* **WORK ORDER**
Reproduce the entries below exactly, but only from the line containing "Общая площадь квартиры 64.31 м2." to the line containing "Elegant Apricot Lace", inclusive.

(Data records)
--

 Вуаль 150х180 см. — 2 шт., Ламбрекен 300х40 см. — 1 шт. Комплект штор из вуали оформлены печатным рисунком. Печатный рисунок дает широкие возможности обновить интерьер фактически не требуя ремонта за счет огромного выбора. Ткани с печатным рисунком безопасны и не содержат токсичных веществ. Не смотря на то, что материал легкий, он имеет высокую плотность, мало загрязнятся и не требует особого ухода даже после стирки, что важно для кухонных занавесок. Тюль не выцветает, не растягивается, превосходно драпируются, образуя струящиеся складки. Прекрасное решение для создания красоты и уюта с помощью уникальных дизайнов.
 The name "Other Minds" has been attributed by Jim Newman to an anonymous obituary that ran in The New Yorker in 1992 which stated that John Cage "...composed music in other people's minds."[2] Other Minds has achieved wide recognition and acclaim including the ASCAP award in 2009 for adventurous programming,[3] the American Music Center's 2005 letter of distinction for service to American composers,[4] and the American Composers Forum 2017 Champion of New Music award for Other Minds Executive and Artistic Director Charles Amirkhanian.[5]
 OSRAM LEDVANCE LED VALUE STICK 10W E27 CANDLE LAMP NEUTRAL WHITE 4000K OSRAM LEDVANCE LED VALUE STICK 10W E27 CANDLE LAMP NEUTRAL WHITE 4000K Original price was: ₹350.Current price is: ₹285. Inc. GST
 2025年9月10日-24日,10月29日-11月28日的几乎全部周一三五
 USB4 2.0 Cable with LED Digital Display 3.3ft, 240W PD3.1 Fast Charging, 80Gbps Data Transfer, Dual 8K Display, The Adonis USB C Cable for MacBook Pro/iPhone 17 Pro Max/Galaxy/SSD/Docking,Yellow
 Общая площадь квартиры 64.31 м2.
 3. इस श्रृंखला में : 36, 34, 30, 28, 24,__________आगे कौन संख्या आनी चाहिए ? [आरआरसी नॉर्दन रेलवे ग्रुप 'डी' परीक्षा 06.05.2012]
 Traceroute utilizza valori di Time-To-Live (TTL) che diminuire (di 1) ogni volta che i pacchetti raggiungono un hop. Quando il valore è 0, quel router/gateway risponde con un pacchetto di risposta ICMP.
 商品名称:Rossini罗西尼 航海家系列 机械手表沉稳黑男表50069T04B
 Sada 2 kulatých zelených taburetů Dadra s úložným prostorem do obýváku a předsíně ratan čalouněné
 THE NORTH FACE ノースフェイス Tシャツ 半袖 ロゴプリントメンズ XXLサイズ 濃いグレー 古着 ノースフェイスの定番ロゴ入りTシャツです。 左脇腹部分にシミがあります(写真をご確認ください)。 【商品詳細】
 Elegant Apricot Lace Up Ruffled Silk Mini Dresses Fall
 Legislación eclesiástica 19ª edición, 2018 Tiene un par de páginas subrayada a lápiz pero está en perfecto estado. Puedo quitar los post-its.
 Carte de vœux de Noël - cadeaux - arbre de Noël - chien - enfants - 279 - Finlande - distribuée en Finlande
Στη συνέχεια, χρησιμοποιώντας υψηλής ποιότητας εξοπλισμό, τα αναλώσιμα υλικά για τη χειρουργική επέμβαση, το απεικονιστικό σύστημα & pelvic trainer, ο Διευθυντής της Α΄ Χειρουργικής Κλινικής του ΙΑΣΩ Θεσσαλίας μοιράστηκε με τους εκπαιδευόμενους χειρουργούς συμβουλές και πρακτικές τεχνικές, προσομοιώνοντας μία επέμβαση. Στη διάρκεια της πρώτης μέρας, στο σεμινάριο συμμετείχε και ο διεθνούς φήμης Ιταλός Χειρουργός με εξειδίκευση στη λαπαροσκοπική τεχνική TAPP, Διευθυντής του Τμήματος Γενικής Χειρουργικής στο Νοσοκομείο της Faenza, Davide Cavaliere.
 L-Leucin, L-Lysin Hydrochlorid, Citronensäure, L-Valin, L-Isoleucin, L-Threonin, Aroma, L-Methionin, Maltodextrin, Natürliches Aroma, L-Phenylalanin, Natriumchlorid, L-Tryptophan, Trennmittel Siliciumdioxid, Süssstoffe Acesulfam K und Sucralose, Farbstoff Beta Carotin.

--

* **WORKED SOLUTION**
 Общая площадь квартиры 64.31 м2.
 3. इस श्रृंखला में : 36, 34, 30, 28, 24,__________आगे कौन संख्या आनी चाहिए ? [आरआरसी नॉर्दन रेलवे ग्रुप 'डी' परीक्षा 06.05.2012]
 Traceroute utilizza valori di Time-To-Live (TTL) che diminuire (di 1) ogni volta che i pacchetti raggiungono un hop. Quando il valore è 0, quel router/gateway risponde con un pacchetto di risposta ICMP.
 商品名称:Rossini罗西尼 航海家系列 机械手表沉稳黑男表50069T04B
 Sada 2 kulatých zelených taburetů Dadra s úložným prostorem do obýváku a předsíně ratan čalouněné
 THE NORTH FACE ノースフェイス Tシャツ 半袖 ロゴプリントメンズ XXLサイズ 濃いグレー 古着 ノースフェイスの定番ロゴ入りTシャツです。 左脇腹部分にシミがあります(写真をご確認ください)。 【商品詳細】
 Elegant Apricot Lace Up Ruffled Silk Mini Dresses Fall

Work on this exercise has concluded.